The tbl_*() functions convert an object of one of the above forms to a tbl object to which the “verb” functions in dplyr can be applied.

Basic example

library(data.table)
library(dplyr)

set.seed(409)
DF <- data.frame(g = gl(3, 4), 
                 labels = LETTERS[1:3],
                 y = rnorm(12))
DT <- data.table(DF, key = "g")
u1 <- tbl_df(DF)    # data frame -> tbl
u2 <- tbl_dt(DT)    # data table -> tbl
str(u1)             # note the classes

Classes 'tbl_df', 'tbl' and 'data.frame':   12 obs. of  3 variables:
 $ g     : Factor w/ 3 levels "1","2","3": 1 1 1 1 2 2 2 2 3 3 ...
 $ labels: Factor w/ 3 levels "A","B","C": 1 2 3 1 2 3 1 2 3 1 ...
 $ y     : num  0.593 1.121 0.561 1.843 0.954 ...

Data pipeline operator %>%

The author of the magrittr package, Stefan Bache, introduced a data pipeline operator %>% which is used extensively by the dplyr and ggvis packages. The idea is that

x %>% f(...)   <=>  f(x, ...)

x is an input data object;
f() is a function that takes x as its first argument, with others specified in the call to f().

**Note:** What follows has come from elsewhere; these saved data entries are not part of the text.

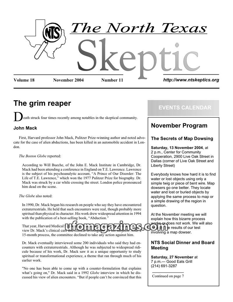 This issue of The North Texas Skeptic reports on the deaths of notable figures in skepticism and related fields, including Harvard professor John Mack and astrologer Joyce Jillson.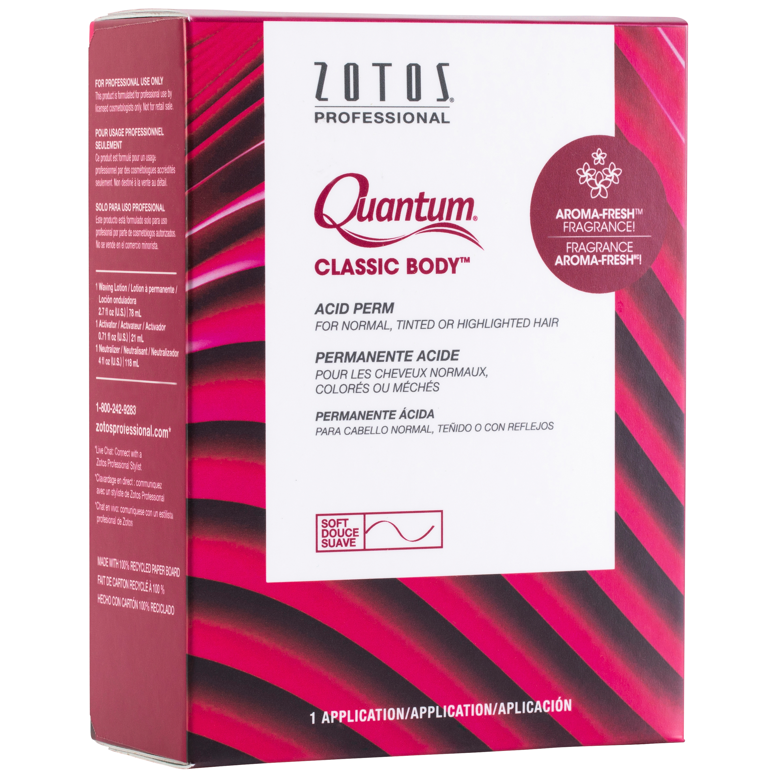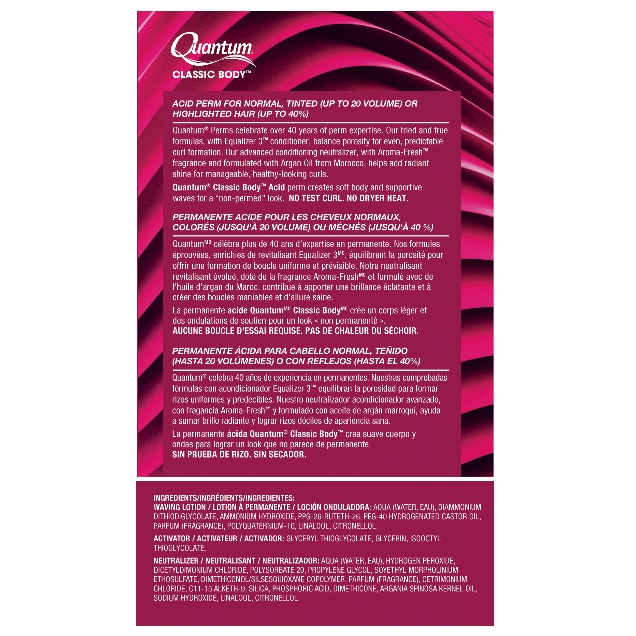 Quantum Classic Body with Aroma-Fresh™ Fragrance An acid perm that creates soft, supportive body and supportive waves for a “non-permed” look. No test curl. No dryer heat required. Our tried and true formulas contain Equalizer 3™ conditioner to balance porosity for even, predictable curl formation. Our advanced conditioning neutralizer, with Aroma-Fresh™ fragrance and formulated with Argan Oil from Morocco, helps add radiant shine for manageable, healthy-looking curls.What Makes it Special: Waving Lotion with Equalizer 3™ Conditioner + Advanced Conditioning Neutralizer with Aroma-Fresh™ Fragranc (Formulated with Argan Oil from Morocco).Quantum® Classic Body (Acid Perm):• Curl Type: Soft Waves• Hair Type: Normal, Tinted &...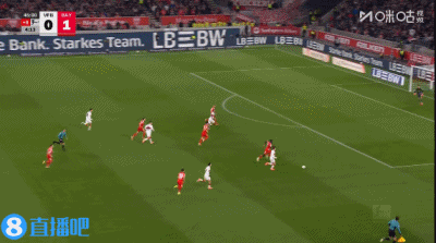 伤停补时8分钟。上半场比赛结束,拜仁1-0斯图加特。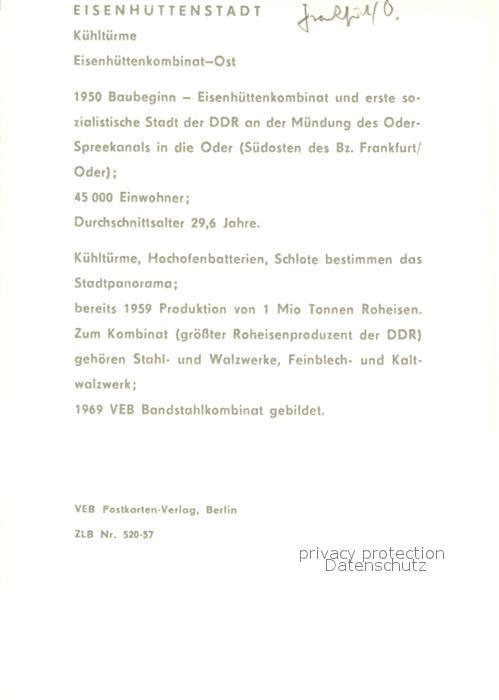 73687565 Eisenhuettenstadt Kuehltuerme Eisenhuettenkombinat Ost Fliegeraufnahme postalisch nicht gelaufen Erhaltung siehe scans [WerneD78] Wern Katcode 11110012067120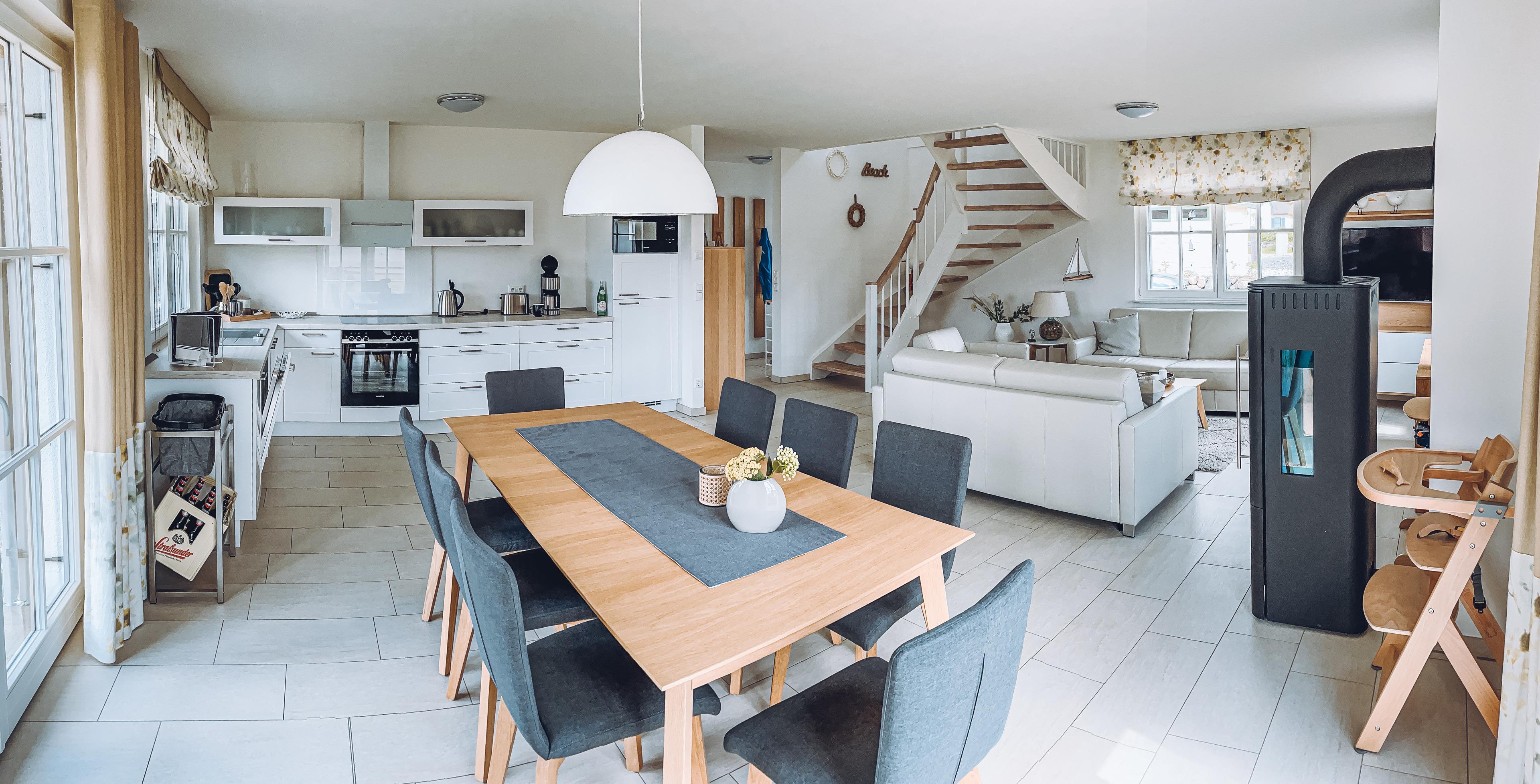Großzügiges schönes Reetdach-Ferienhaus "Auszeit" mit Sauna und Kaminofen, Erstbezug 08/2020. Nichtraucherhaus. Gehobene Ausstattung mit moderner, geschmackvoller Einrichtung. 4 Schlafzimmer für 8 Personen und Aufbettung für 2 Personen im Wohnraum, 2 Bäder. Kostenloser Internetzugang (W-Lan), Fußbodenheizung. Waschmaschine/Trockner. Terrasse mit Sitzmöbeln, 2 Strandkörbe, 3 Hängematten, Holzkohle-Grill, 2 Pkw-Stellplätze am Haus. Ein Haustier gestattet. Grundstück ist nicht eingezäunt.
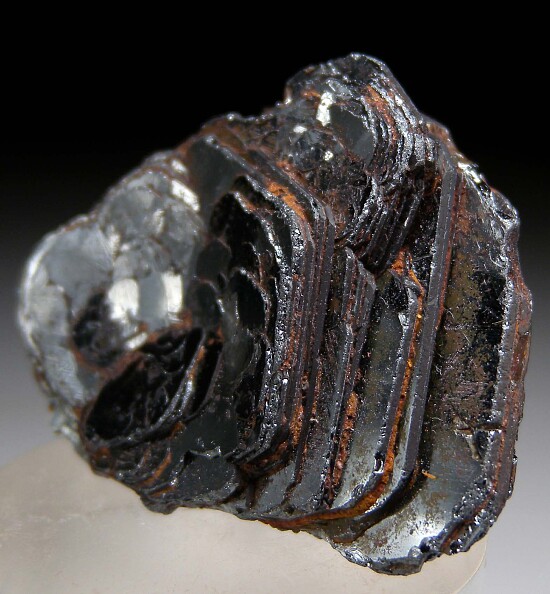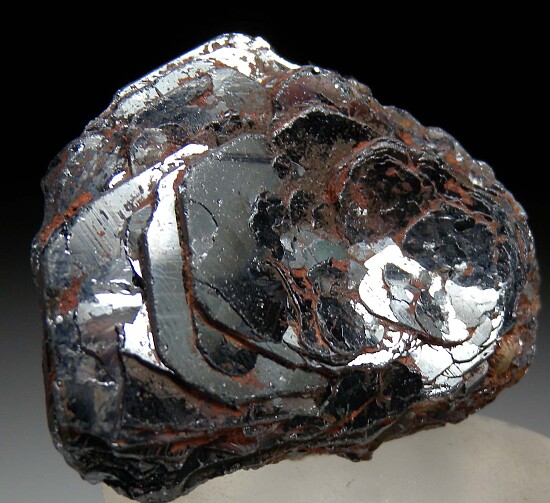 Bright, metallic cluster of Hematite from the Rodrigo Silva district in Brazil. The Hematite occurs as parallel-growth, hexagonal crystals forming what is known as an 'Iron Rose'. The specimen is complete all around with minor edge wear and bright, mirror-lustrous faces on front and back with more matte luster along the edges. This is old stock purchased in Brazil by dealer Steve Perry back in the 1990s. The camera picks up more red color than you notice in person - in your hand it's a bright silvery metallic, flashy group of crystals. Valued at $250.

One creates a data pipeline by starting with a data object, applying a function that returns a data object, applying another function that returns a data object, etc.

Single-table verbs

arrange(): sorts a tbl by one or more variables
count(): computes frequencies by one or more grouping variables (new in version 0.3)
filter(): subsets rows of a tbl according to a logical expression
mutate(): transforms/creates \( >= 1 \) variables in a tbl
select(): selects a subset of variables from a tbl
summarise(): provides a one-number summary of a variable in a tbl.

The arrange(), count(), mutate() and summarise() functions are rewrites of functions of the same name in the plyr package.

group_by()

group_by() performs the “split” task in the “split-apply-combine” approach within dplyr. Its arguments are the variables by which to group the tbl object, separated by commas. The order in which they appear can matter, depending on context.

By contrast, one-table verbs often perform the “apply” task, although other functions can be used for this purpose as well.

Two-table verbs

Two-table verbs refer to functions that perform some type of merge (or join) operation. A limited number of joins are supported, each of which take two tbl objects as its first two arguments:

inner_join(A, B): returns rows common to A and B;
left_join(A, B): all of A and matching rows of B;
semi_join(A, B): include rows of A that match B;
anti_join(A, B): the complement of semi_join(A, B).

The third argument of *_join() allows specification of the variables by which to merge the two tbl objects. By default, the join is performed on all variables common to the two input tbl objects.

do() function

The do() function allows one to apply a general R function to each group of a tbl object. A few simple examples:

# Example 1:
u1 %>% group_by(g) %>% do(head(., 2))

Source: local data frame [6 x 3]
Groups: g

  g labels       y
1 1      A  0.5925
2 1      B  1.1213
3 2      B  0.9542
4 2      C  0.1922
5 3      C -0.1959
6 3      A  0.2597

# Example 2:
u1 %>% group_by(g) %>% do(data.frame(z = .$y[1]))

Source: local data frame [3 x 2]
Groups: g

  g       z
1 1  0.5925
2 2  0.9542
3 3 -0.1959

The symbol . substitutes for the current sub-tbl being processed, similar to the .SD() idiom in data.table.

tidyr package

Complements the dplyr package by supplying functions analogous to the primary functions in the reshape2 package:

gather(): a replacement for reshape2::melt()
spread(): a replacement for reshape2::cast()
separate(): a rewrite of reshape2::colsplit().

tidyr (cont.)

gather() stacks multiple columns into two: (a) the names of the variables as levels of a factor variable; (b) the corresponding values.

spread() unstacks two variables (one a factor and the other a vector of values) into multiple columns whose names are the factor levels.

separate() splits a name into pieces, each of which is assigned a new variable name.